Both were born in the period when the Romanov, Hohenzollern, and Habsburg dynasties collapsed. One of them died gallantly in battle against the Germans, convinced that under the red flag he fought for the good of all mankind. The other died a hero's death in the Gulag archipelago, counting his life well sacrificed because he had enabled many of his fellow Jews to escape to Eretz Israel. Both men felt they had done their duty, following their consciences.
The views and attitudes of these young men took shape in the thirties. This was a time when those young Jews who for various historical, sociological, and psychological reasons did not want or were not able to identify with the national aims of the Wirtsvolk. (in this case, the Latvians), had one of two ways to develop and affirm their personal identity: communism or Zionism. Yuri Vater chose one route; Mulya Joffe, the other.
In outlining the tragic fate of these two remarkable youths, representatives of their generation, I relied on two fairly comprehensive books: Ingrida Sokolova (pseudonym of Ida Levitat, a Jew), Cik jauni mes bijam (How young we were, in Latvian), Riga, Liesma, 1969; and Avraham Itaj and Mordechaj Nejshtat, Cherez tri podpol 'ja, Iz istoriji chalucianskogo dvizhenija "Necach" v Latviji (in Russian, abridged translation from Hebrew), No. 30, Tel Aviv, Aliya, 1976. I gained additional information about Yuri Vater, the hero of Sokolova's documentary essay, from his two closest friends, Mavrik Vulfson and Anatoli Kahn, survivors of similar experiences.
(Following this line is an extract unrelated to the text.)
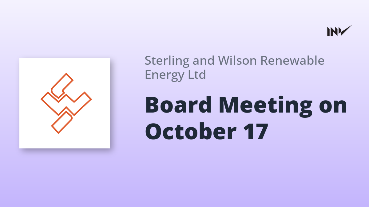 A meeting of the Board of Directors of Sterling and Wilson Renewable Energy Limited is scheduled for Friday, October 17, 2025. The meeting will address the approval of the company’s financial performance.

They were my colleagues for a number of years in Riga, where I worked at the news agency LETA, the branch of TASS in Latvia, and at the evening newspaper Rigas Balss. For obvious reasons, I was unable to supplement my information on Mulya Joffe in Russian-occupied Latvia; however, the Itaj and Nejshtat book provides a detailed account of Joffe's most significant years, from 1941 to 1955.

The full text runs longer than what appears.